Deepchecks LLM Evaluation 0.41.0 Release

We're excited to announce version 0.41 of Deepchecks LLM Evaluation. This release brings comprehensive cost visibility, smart property refinement, and powerful dataset generation capabilities. Highlights include automatic cost tracking across all interactions, AI-generated test data for agentic systems, and human-in-the-loop property feedback that makes evaluations more accurate over time.

Deepchecks LLM Evaluation 0.41.0 Release:

📊 Dataset Management
🤖 Agentic Dataset Generation
💰 Cost Tracking with Token-Level Visibility
🎯 Property Refinement with User Feedback

What's New and Improved?

Dataset Management

Datasets are now a first-class feature in Deepchecks, providing a structured way to create, manage, and run curated test collections for systematic LLM evaluation.

What datasets enable:

Reproducible Testing - Run the same test suite across versions to catch regressions and measure improvements
Controlled Evaluation - Move beyond random production sampling to intentional test scenarios
Systematic Coverage - Ensure your application handles edge cases, error scenarios, and diverse inputs
Benchmark Tracking - Compare performance, latency, and cost across versions with consistent test data

Core capabilities:

Create & Organize - Build datasets with up to 500 samples, each containing input, optional reference output, and optional metadata
Flexible Input - Add samples manually, upload CSV files, use AI generation (more on this below), or copy samples from your production data
Sample Management - Edit samples directly in the UI, update metadata, delete unwanted entries

Datasets work seamlessly with both SDK and UI workflows. Create them programmatically, populate via CSV, or use the AI generation tools to build comprehensive test suites in minutes.

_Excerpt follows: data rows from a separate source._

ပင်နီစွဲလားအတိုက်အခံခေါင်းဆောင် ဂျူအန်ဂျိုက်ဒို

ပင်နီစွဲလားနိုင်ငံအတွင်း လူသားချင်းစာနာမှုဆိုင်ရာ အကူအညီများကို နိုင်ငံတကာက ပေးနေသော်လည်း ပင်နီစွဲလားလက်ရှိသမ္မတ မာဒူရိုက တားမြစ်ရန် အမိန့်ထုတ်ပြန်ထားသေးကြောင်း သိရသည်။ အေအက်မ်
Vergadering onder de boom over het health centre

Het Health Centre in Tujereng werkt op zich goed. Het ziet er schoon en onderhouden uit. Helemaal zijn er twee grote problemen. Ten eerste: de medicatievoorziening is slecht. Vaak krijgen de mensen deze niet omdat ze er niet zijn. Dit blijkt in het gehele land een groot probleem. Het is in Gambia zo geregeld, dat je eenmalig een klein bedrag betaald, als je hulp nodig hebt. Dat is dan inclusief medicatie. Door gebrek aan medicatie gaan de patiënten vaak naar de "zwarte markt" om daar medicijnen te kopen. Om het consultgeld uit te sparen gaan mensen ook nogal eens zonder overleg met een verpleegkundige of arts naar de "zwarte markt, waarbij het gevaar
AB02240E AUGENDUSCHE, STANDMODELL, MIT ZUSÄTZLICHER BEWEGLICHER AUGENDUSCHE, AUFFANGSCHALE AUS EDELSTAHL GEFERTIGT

Read the full Dataset Management documentation →

Agentic Dataset Generation

Creating comprehensive test datasets for agentic systems is now as simple as describing what your agent does. The new Agents generation mode uses dimensional analysis to automatically create diverse, challenging scenarios that stress-test your agent across complexity levels, ambiguity, multi-step reasoning, and edge cases.

What's new:

No Data Source Required - Generate purely from your agent's description
Dimensional Coverage - Automatically tests simple, medium, and hard scenarios across multiple complexity axes
Agent-Specific Challenges - Creates situations involving multi-step workflows, ambiguous instructions, and constraint conflicts

This joins existing generation methods (RAG for document-based apps and Pentest for security testing) to give you the right tool for every evaluation need.

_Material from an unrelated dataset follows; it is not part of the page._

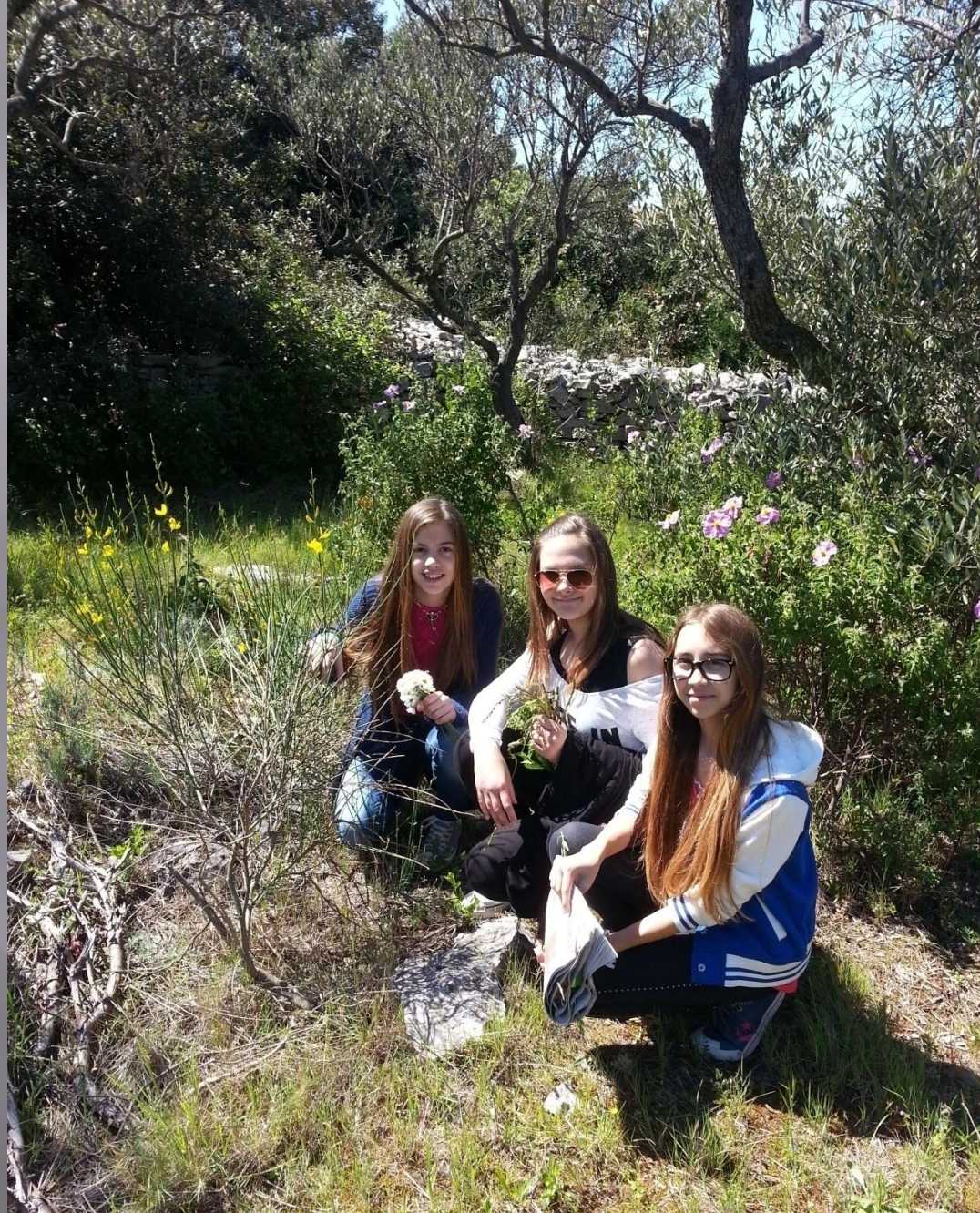
Upotrazi za ljekovitim biljem....

Read the full AI Data Generation documentation →

Cost Tracking with Token-Level Visibility

Understanding LLM costs is now effortless. Deepchecks automatically tracks spending across every interaction by calculating costs based on input and output token usage.

What this gives you:

Automatic Cost Calculation - Configure model pricing once at the organization level, and costs are computed automatically for every interaction
Token-Level Tracking - Monitor input tokens and output tokens separately to understand where costs come from
Aggregated Insights - View session-level and version-level cost totals to identify expensive patterns and compare cost-efficiency across versions
Filter by Cost - Find your most expensive queries instantly to optimize prompts or switch to more efficient models

Cost tracking works seamlessly with both interactions and spans. For multi-step agentic workflows, costs from nested LLM calls automatically roll up to parent interactions, giving you accurate end-to-end spending visibility.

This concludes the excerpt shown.